On the precedence of the Levy report, we should also recall that Labor governments have, since 1967, been busy institutionalizing Israel's presence in the West Bank. In 1969, Labor's central committee approved an "oral document" that accepted the Jordan River as Israel's security border. In 1973, the Galili document (named after Yisrael Galili, who served as Chief of Staff of the Haganah, and as a member of Knesset for Mapam, a party to the left of Labor) called for Israeli settlement in key parts of the West Bank, for security purposes.
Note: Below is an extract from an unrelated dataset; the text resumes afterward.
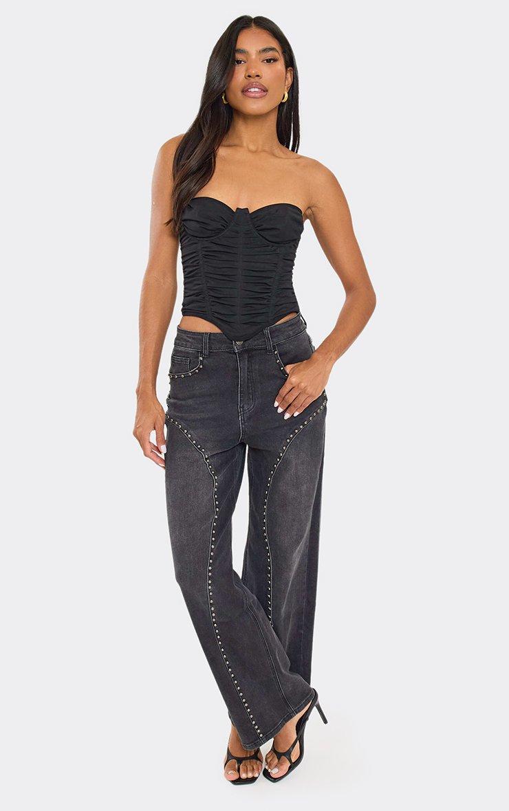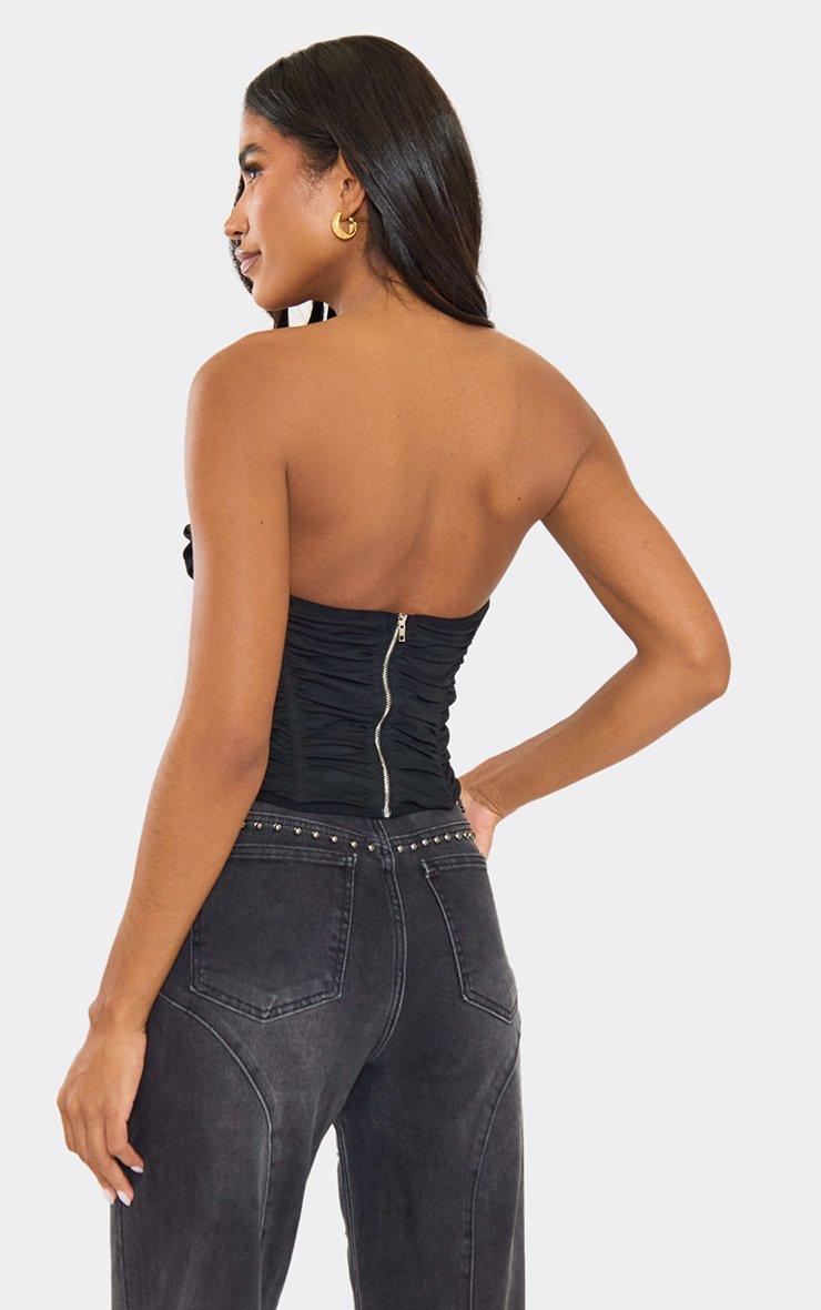 Bandeau Ruched Detail Corset Top In Black Mesh

Though the document was later rescinded, all Israeli governments have proceeded as though its provisions remain the guiding framework. There have been differences between governments (for instance, Likud expanded the number and location of settlements after 1977), but these have narrowed since the 1990s. No Israeli government has ever stopped settlement building, and even the 2005 Sasson Report (which the Levy Committee was supposed to supersede) noted that Israel had established a set of political and legal criteria that had to be met before new settlements could be authorized. In other words, settlements were still acceptable under specified conditions. This is, of course, outside of the fact that new settlements have been constructed as "neighborhoods" of existing ones.

In short, Israel's insistence on the right of Jews to settle in the West Bank, and the government's facilitation of such an enterprise, should no longer be a surprise. Several precedents have been set already, and there's nothing in the historical record or existing trends to suggest that the government won't also implement -- however slowly or unofficially -- the Levy report either.